Friday, July 15, 2016

65th WEDDING ANNIVERSARY



Yesterday Jane and I celebrated our 65th Wedding anniversary. It was a good time to give thanks, reflect and look forward.  Jane and I had a long and wonderful conversation in the context of the traditional Christian wedding vows plus a list or two of what it takes to have a good marriage. A few of the thoughts that struck us are listed below.

We promised to live together in the holy estate of matrimony. Our time together has been made holy by a gracious, generous, forgiving God. We are aware that our spiritual insights, beliefs and values have both remained firm and have significantly changed. We are much more open and less dogmatic. We are more comfortable with mystery and not in need of certainty about non-essentials. We are less provincial and feel a stronger shared unity with all of God’s people and the whole creation.

We have experienced poverty and riches. We recalled how in our early years of marriage Jane took our meager check, cashed it, and carefully placed the appropriate amount in individual envelopes, even $1.00 for postage. We have always tithed and more and as the years went by included more and more “non-church” causes in our designations. We realized that after ten years of marriage we were still making less than $300.00 a month (plus housing) and now we live in a wonderful retirement community where our monthly fee is well in excess of our annual salary in the first ten years.
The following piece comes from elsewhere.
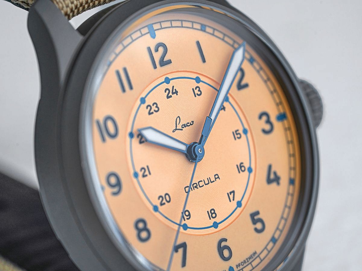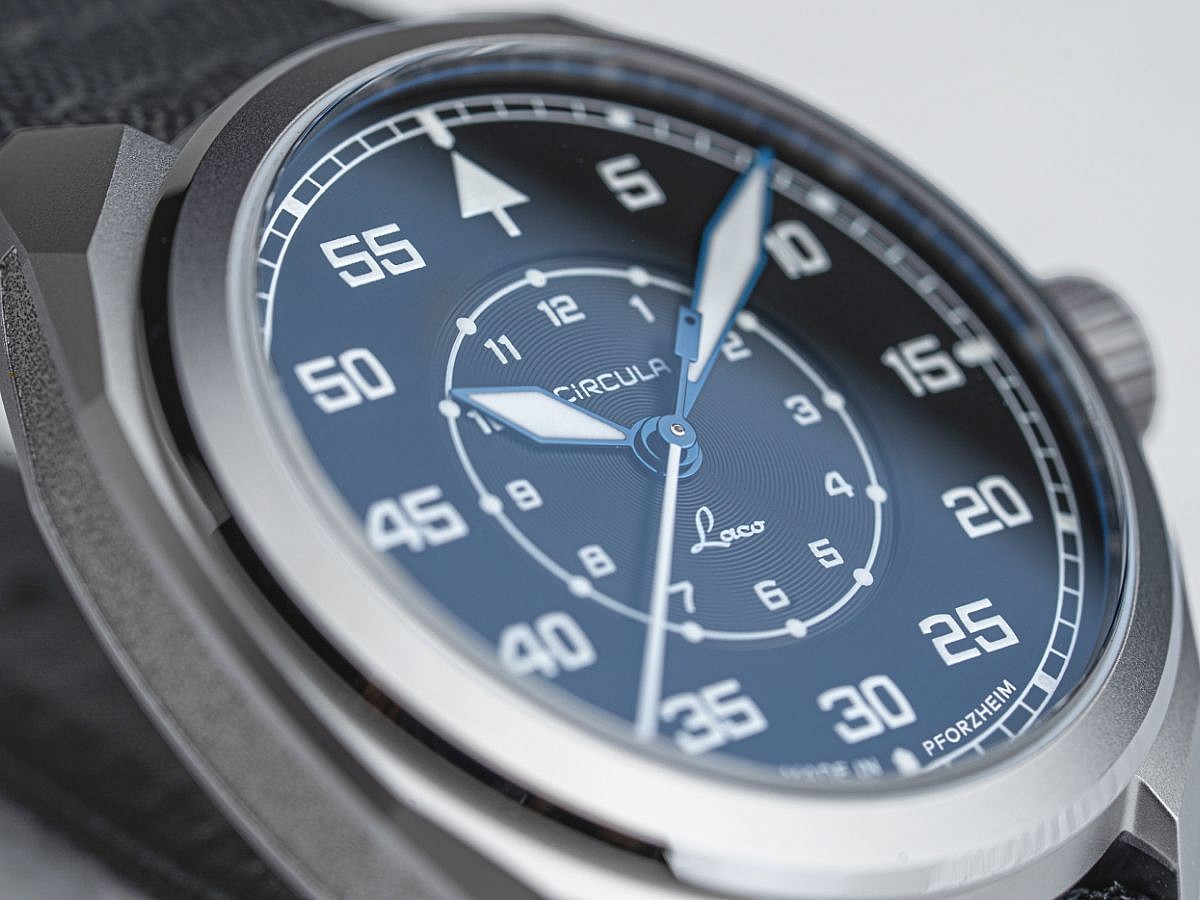 Číselník a Luminiscence: Sytě černý číselník s tradičním uspořádáním navigátorských hodinek: minuty na vnější stupnici, hodiny 1–12 uvnitř. Moderní výraz získává díky výrazné typografii Circula a jemné kruhové textuře ve středu.

Like others, we experienced together sickness and health, both to an extreme extent. Our daughter Liz was once not expected to live through Christmas Eve to the next day. We flew Jane home from Hong Kong while she was in a virtual coma. We watched our son Dave’s face be destroyed by cancer and held his hand as he breathed his last. And at age 88 both of us still travel the country without cane, wheel chair or oxygen tanks,
 
We have learned to love and cherish each other with a love that grows deeper with each passing year even as the sexual expression of that love which we so much anticipated and enjoyed for so many years is now sometimes more a memory than a current reality.

Our personal intercommunication has been strengthened by our ever deeper commitment and practice of active listening, non-blameful confrontation. win-win problem  solving and honest sharing of values and beliefs.

Family members including spouses and grandchildren are sources of joy, pride, new insights, challenges and satisfactions.

Colleagues and work experiences enriched us. Sixty-five years ago both of us anticipated spending our professional careers in the elementary classrooms of Lutheran parochial schools. That would, of course, also have been a very satisfying calling, but we have been blessed by all kinds of other opportunities for service from California to New York to tens of cities and countries around the world, ranging from Hong Kong to Helsinki to Pakistan and places in between.


The marriage vows conclude with “as long as you both shall live.” How long that will be is, of course, unknown to us. Yet this we do know. It’s has been and is great. We are blessed beyond what we ever imagined possible on that Saturday afternoon in Zion Lutheran Church, Ft. Wayne, Indiana. 65 years ago.